Pedro Sánchez es, por seguir la conocida expresión de Marx, la caricatura de Felipe González. Aunque quisiera negociar con los nacionalistas catalanes o vascos el apoyo a su moción, que nunca ha sido su intención, no podría puesto que más de una cuarta parte de los escaños socialistas se abstendrían o votarían en contra. No hace todavía un año que desde Sevilla la presidenta de la Junta le advertía, “no me des elegir entre el PSOE y Andalucía”. Pues eso, ni un solo socialista piensa ahora en la posibilidad de incurrir en la sospecha interesada que lanza el Partido Popular sobre negociaciones secretas de los de Ferraz con Torra o Urkullu. Cuando uno ha vivido, además, la desagradable experiencia de verse arrojado por la ventana, lo último que desea es volver a repetirla.

Quien quiera condicionar el cheque en blanco que exige Sánchez pierde el tiempo. O lo tomas o lo dejas, solo son lentejas socialistas. Es mucho más una precampaña electoral que una moción de censura. Wally Sánchez que estaba desaparecido, reaparece por la puerta de los leones del Congreso, y la manifiesta irrelevancia del PSOE da paso a la expectativa que suele casi siempre acompañar a una moción de censura. Del baúl de los mejores recuerdos familiares, cerrado desde hace una década, extraen el viejo juego del bipartidismo PPSOE con la pretensión de recuperar los años perdidos. No es sólo una moción de censura contra Rajoy sino que también lo es contra Rivera e Iglesias.

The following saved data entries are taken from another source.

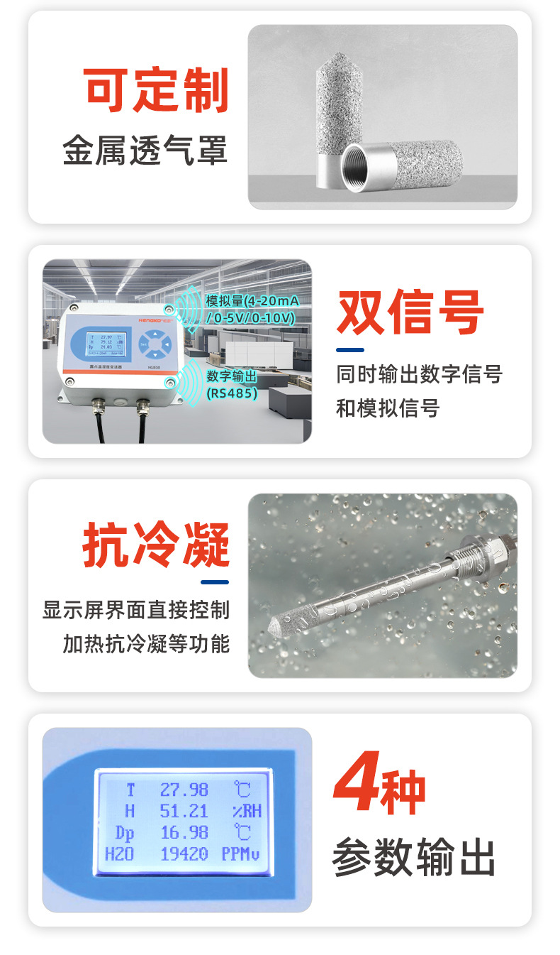 通过工业级抗污染设计,耐受油汽、微尘、化学气体侵蚀,年漂移量控制在<1%RH/年,广泛应用于高温干燥窑、石化烟气处理、工业燃烧系统等传统传感器难以胜任的严苛场景。
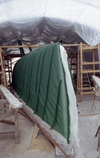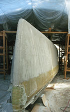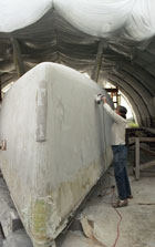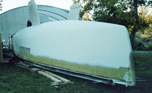 Puis enduire et poncer jusqu’à obtenir une coque lisse sans défaut. Le plus long et le plus pénible. Le ponçage représente de longues semaines de travail. Enfin peindre avec une peinture époxy avant de retourner la coque en laissant le livet libre pour la jonction pont-coque ultérieure.
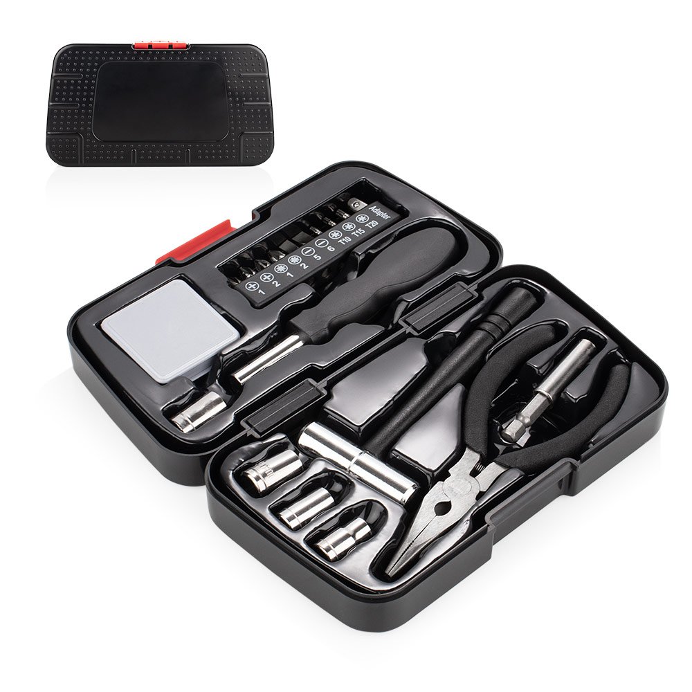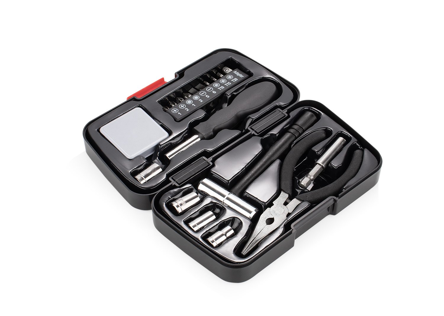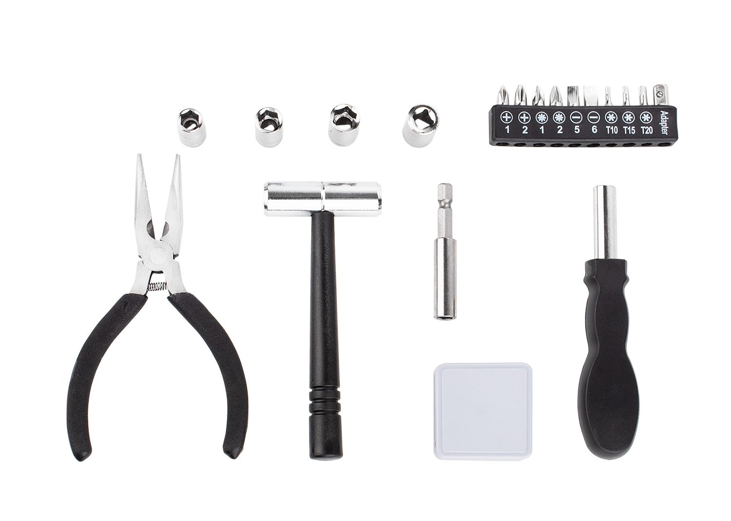 Set de herramientas que incluye: Destornillador con 4 puntas tipo Phillips, 2 tipo pala, 3 de precisión, 1 adaptador de copa, 1 extensor, 4 copas de 10, 9, 8 y 7 mm, pinza con cortafríos, martillo y cinta métrica de 100 cm.
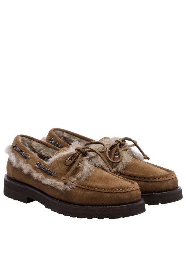 Paleta boja krznenih nautičkih mokasina ostaje vjerna zemljanim tonovima, od “zagorjele” kože do tamne čokolade i camel nijansi.
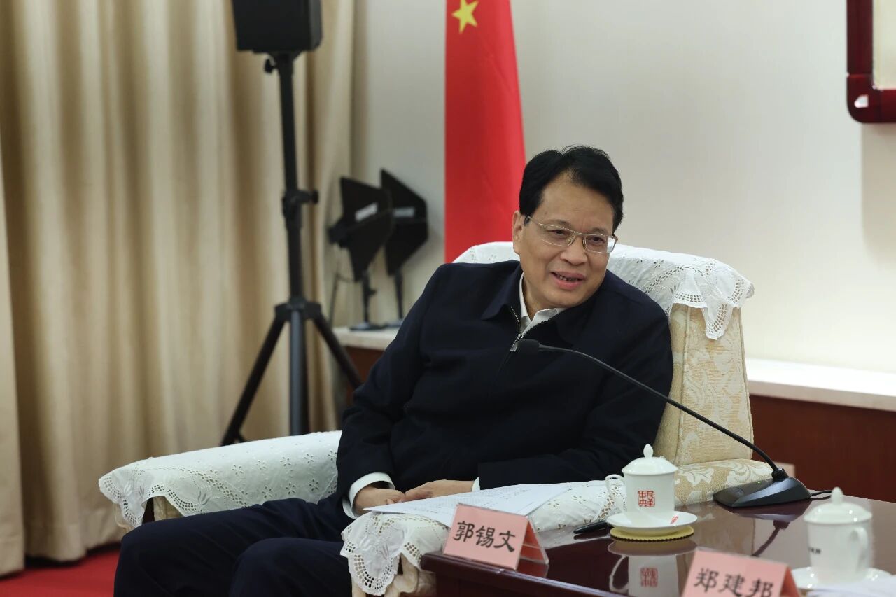 11月12日,全國人大常委會副委員長、民革中央主席鄭建邦在民革中央機(jī)關(guān)會見來訪的中共貴州省委常委、畢節(jié)市委書記郭錫文一行。民革中央副主席兼秘書長李惠東參加會見。
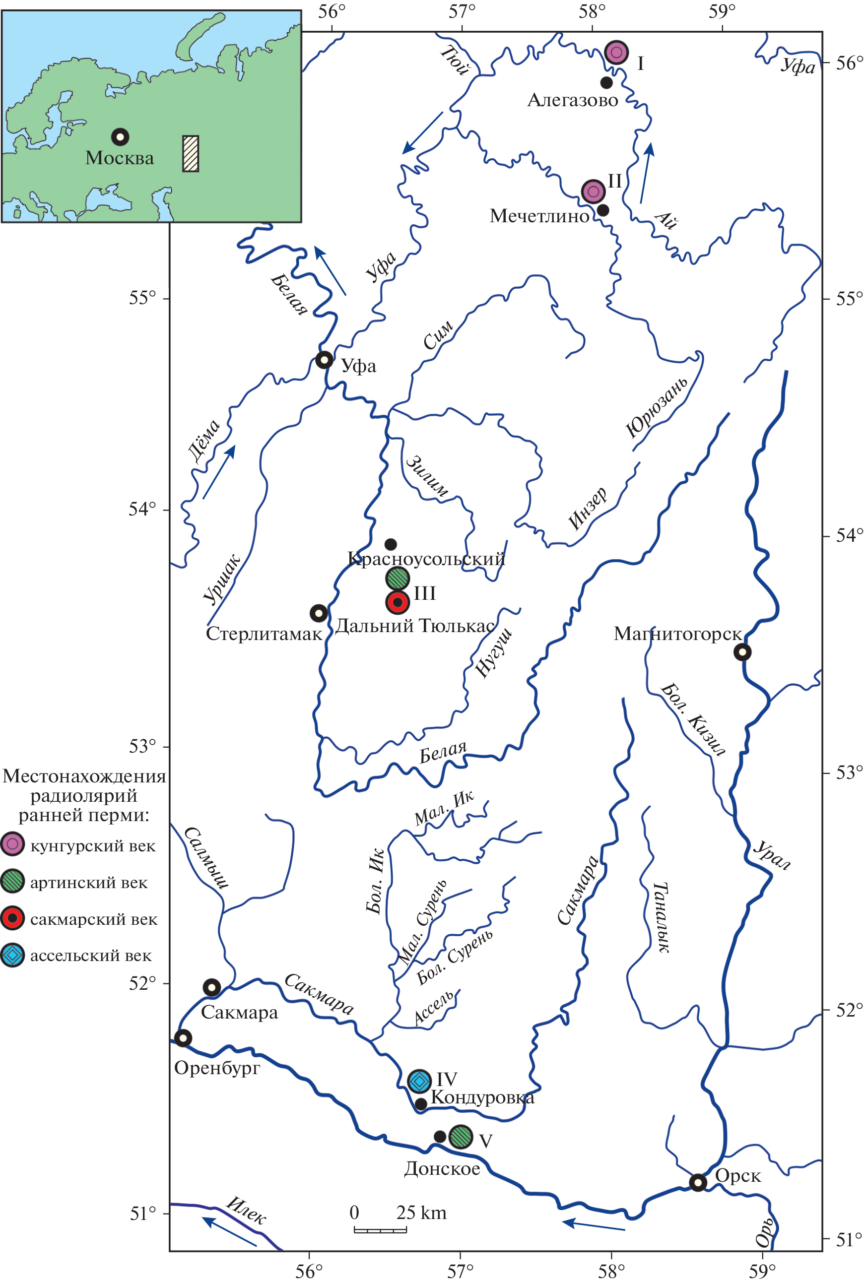 - Afanasieva M.S., Chernykh V.V., Sungatullina G.M et al. Radiolarians, conodonts, and palynomorphs from the Sakmarian–Artinskian boundary beds (Lower Permian) in the Dal’ny Tulkas section, South Urals, Russia // Paleontol. J. 2022. V. 56. № 9. Р. 975–1025.

Justo porque vienen dos años de urnas sucesivas, puede ser una moción electoralmente rentable para el PSOE. Elecciones andaluzas en la primavera próxima, las municipales en toda España en mayo, autonómicas en la mayoría de las comunidades también en mayo, probablemente las catalanas, en noviembre o mayo, sin olvidar las legislativas que Rajoy acabará convocando antes o después. Un racimo de citas electorales que hubiesen cogido al PSOE de la mano del PP. Con la moción, los socialistas buscan aparecer de la noche a la mañana como la alternativa que nunca han sido desde que el propio Sánchez cambió el no es no por el sí es sí. Y lo que nadie puede negar es que en apenas dos días, ha logrado convertirse en el protagonista de la semana.

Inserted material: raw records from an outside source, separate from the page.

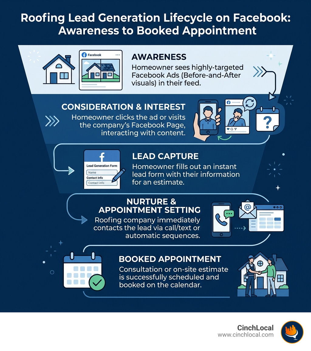 A "leaky" funnel is the number one reason roofing contractors lose money on Facebook. You cannot simply point an ad at your homepage and hope for the best. To succeed, you need a structured path that takes a stranger and turns them into a booked inspection.
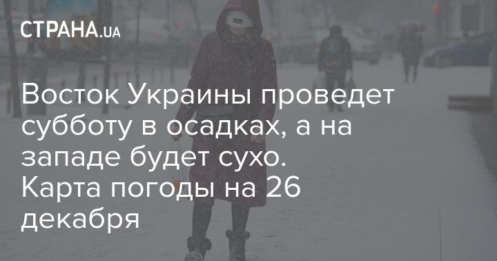 В субботу, 26 декабря, влажная погода задержится на территории восточной Украины, а вот наиболее низкая дневная температура воздуха ожидается в западных и центральных областях.
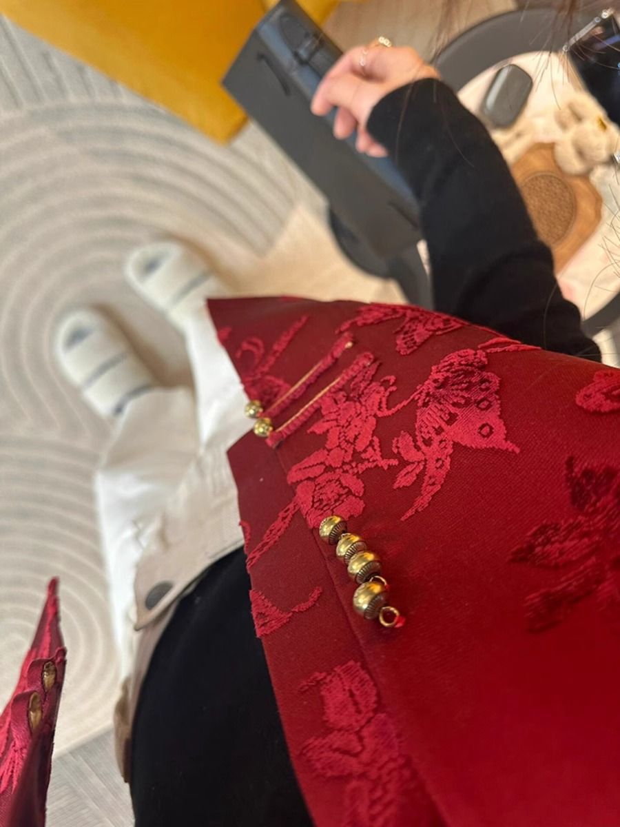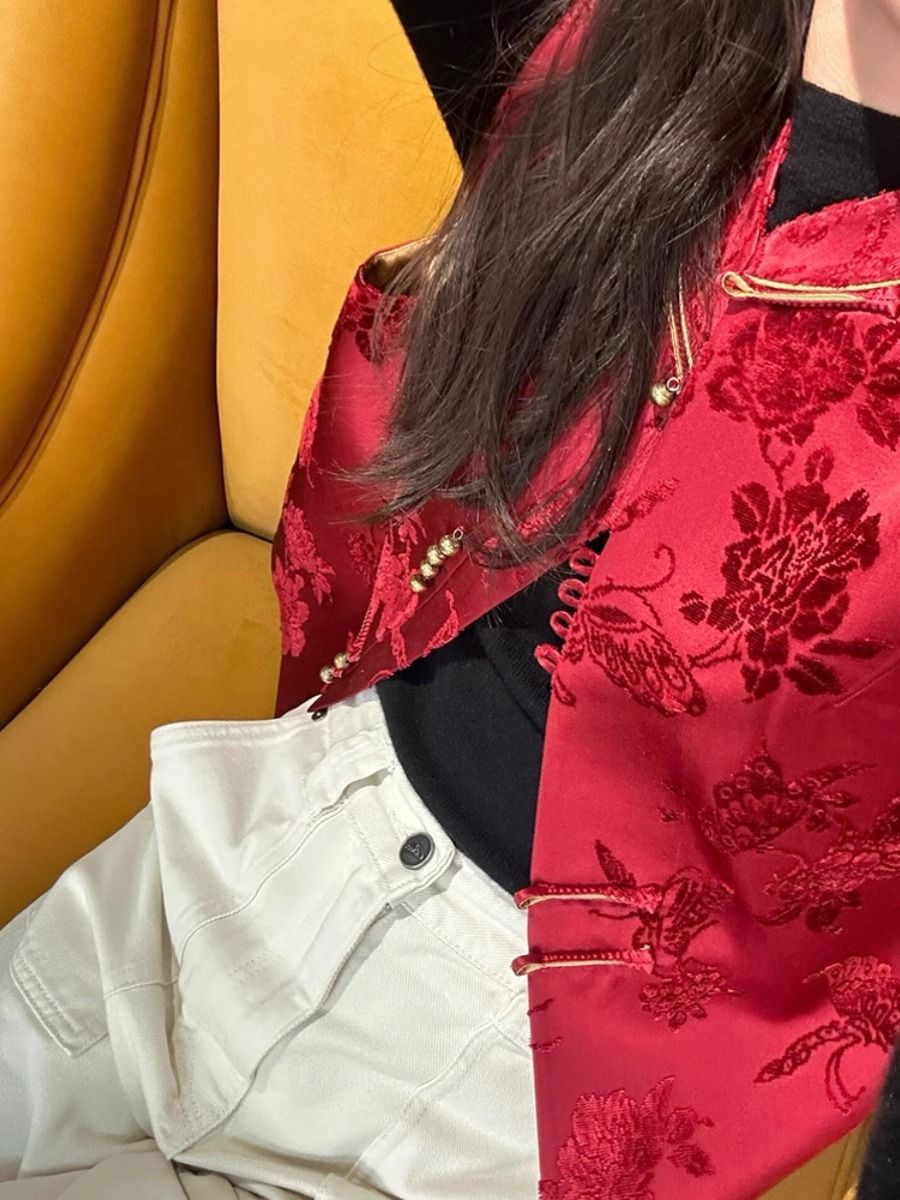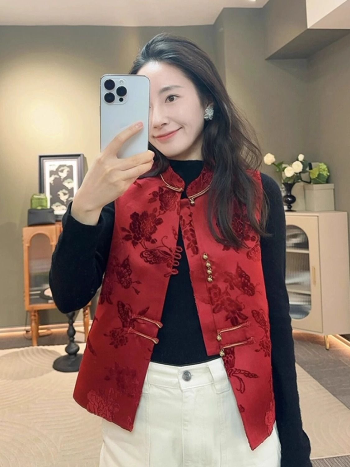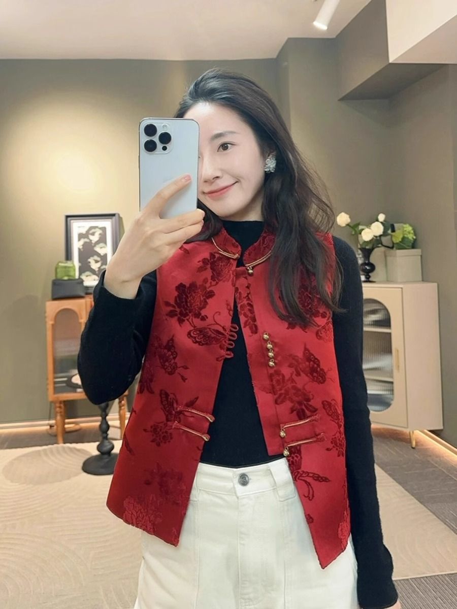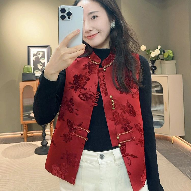 중국 여성 의류 레트로 레드 웨어 조끼 2024 코트 뉴 탕 세트 하이 엔드 앤티크 버클 플시 커버 탑스토어 가기

La recuperación de los millones de votos del PSOE trasvasados a Rivera e Iglesias son el eje de esta moción. Identificar a Cs con el PP, tras haber intentado formar el gobierno Rivera-Sánchez en febrero de 2016, puede ser una posibilidad, dada la muy preocupante orientación joseantoniana de Ciudadanos; apelar al voto útil de Podemos para echar a Rajoy también puede serlo, ya que la formación morada se ha visto afectada por una súbita burbuja inmobiliaria de alcance electoral previsible. El mantra es el mismo para unos como para otros: Rivera apoya a Rajoy como Iglesias lo sostuvo hace dos años. El problema, sin embargo, es que venden la piel de Rajoy antes de haberlo cazado.

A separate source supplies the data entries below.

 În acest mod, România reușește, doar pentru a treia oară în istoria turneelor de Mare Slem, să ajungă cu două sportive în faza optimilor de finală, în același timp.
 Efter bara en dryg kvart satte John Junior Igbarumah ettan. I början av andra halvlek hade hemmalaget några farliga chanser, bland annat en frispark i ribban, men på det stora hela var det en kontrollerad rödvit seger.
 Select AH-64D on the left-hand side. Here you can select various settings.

Y es que Rajoy no es Suárez. La rápida convocatoria, para este jueves, del debate sobre la moción de censura, junto con el veto del presidente del Consejo General del Poder Judicial, Carlos Lesmes, a la presencia del magistrado José Ricardo de Prada en la vistilla que deberá decidir sobre el ingreso en prisión provisional de la señora de  Luis Bárcenas, muestra la rapidez de reflejos de la Moncloa junto con la inquebrantable decisión de no rendirse en la guerra de trincheras que libran en los despachos del Tribunal Supremo y de la Audiencia Nacional las brigadas judiciales de la derecha constitucional del PP y de la derecha preconstitucional del Cs. Porque el presente de Rajoy depende tanto de la derrota de Pedro Sánchez, que se producirá este viernes, como de la victoria de Lesmes.